During the present study salivary IgA concentration and secretion increased during and throughout COMP. Many studies have found a decrease in SIgA in response to competition and intense training [16,19], and this has been linked with an increased susceptibility for infection; however, the present study does not support those results. Some studies have observed an acute increase in response to exercise [38], and there is speculation that this increase might be attributed to β-sympathetic actions on the salivary glands [39]; therefore, the increase in the present study could perhaps represent an increased sympathetic nervous system activation in response to COMP. In an attempt to explain the findings, salivary flow rate was examined, and there was a small increase from BASE to COMP; however, with an increased flow rate you would expect a decrease in SIgA secretion due to a dilution effect [38], but there was an increase in the secretion during this period due to a rise in absolute concentration. An alternative explanation could be linked to the psychological strain on the athletes as a result of the competition. Some studies have reported an increase in SIgA in response to acute psychological stressors [40]. Given the increase in stress symptoms reported in the DALDA, the athletes were assessed to be under a large amount of psychological strain and therefore the increase in SIgA may represent an acute increase in response to stressors experienced during and before the competition. In future studies it would be useful to employ some other tools to examine the psychological mood state, such as interviews, in order to confirm these findings and gain more knowledge about the athletes’ emotions and coping mechanisms.

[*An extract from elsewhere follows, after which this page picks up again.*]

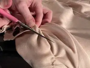 Обрежьте лишнюю ткань с помощью ножниц для ткани. Оставайтесь примерно в сантиметре от строченой линии, чтобы случайно не порезать нитку.
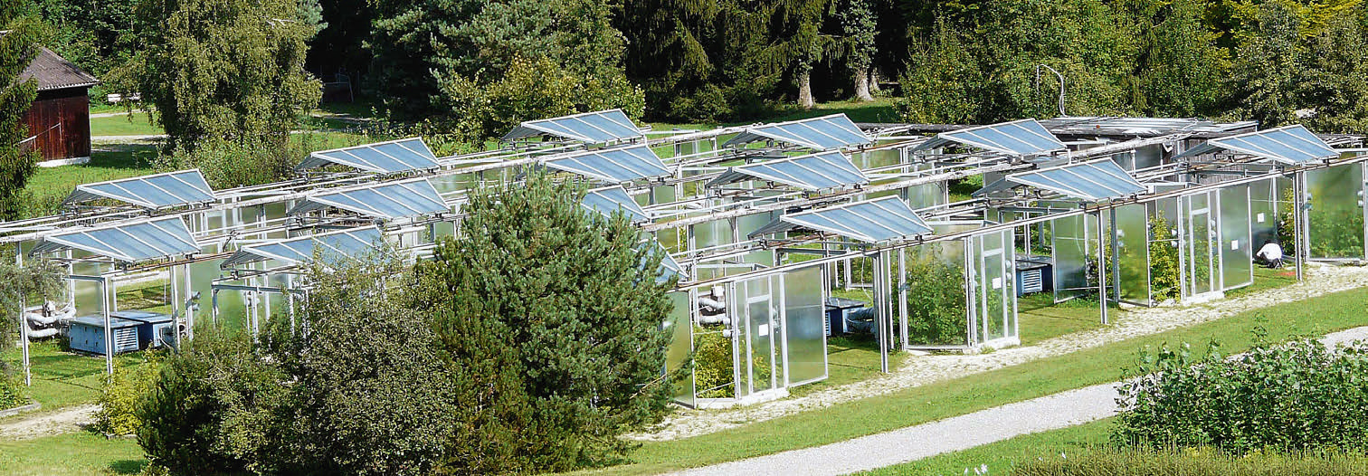 L’Institut fédéral de recherches WSL a analysé entre 2006 et 2012 le comportement de jeunes chênes sous différentes conditions climatiques. Le but de cette expérimentation de grande envergure fut d’étudier les effets de la sécheresse et d’une augmentation de la température de l’air sur le microclimat, le sol et les arbres. 770 jeunes chênes furent observés et mesurés en chambre d’écosystème modélisé pendant trois ans.

In addition, some studies have hypothesised that C may influence the secretion of IgA; however, mechanisms for this are yet to be established. In the present study there was a moderate correlation between both SIgA secretion and concentration and C, but this is in contrast to previous studies that found no relationship [41,42], and further examination of the correlation and individual trends are required in future studies. In the present study, there was no link between illness and mucosal immunity, but the small sample size may have affected statistical power, as participant numbers were lower than previous immune studies [16] but in line with hormone studies [8]. Furthermore, the relatively short duration of the study could explain this finding, especially as most are conducted over months with more opportunity to record illness. Monitoring training load with session RPE is also not without limitations; some studies have shown that the session RPE is a valid and reliable measure of training load during constant load exercise [43]; however, it can be affected by the timing of completion [44]. Ideally, heart rate would have been noted for each session, but this was not feasible in the current study.

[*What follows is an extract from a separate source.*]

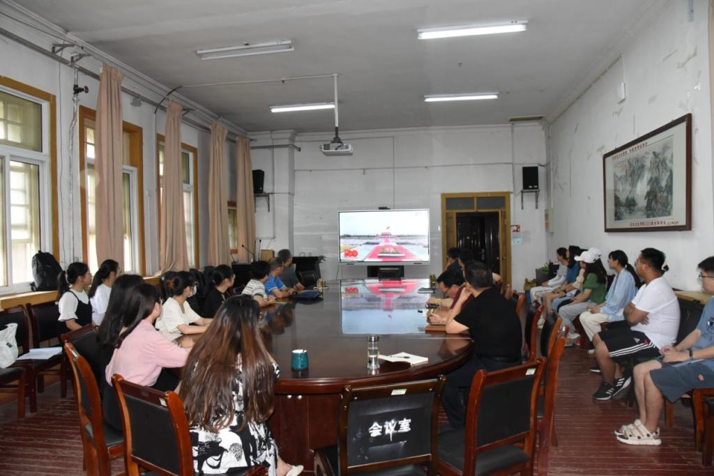 领导班子成员、教师代表以及部分学生党员在学院三楼会议室集中观看大会在线直播。

In conclusion, results suggest that in elite synchronised swimmers, stress symptoms can be monitored during a competition period and these may relate to training load and physiological markers such as cortisol and IgA. Moreover, a short period of intense training and competition does not appear to have a detrimental effect on mucosal immunity in these swimmers. Further longer term monitoring is advised to examine mucosal immunity and knowledge of the menstrual cycle and oral contraceptive use would add more value to research conducted on female athletes.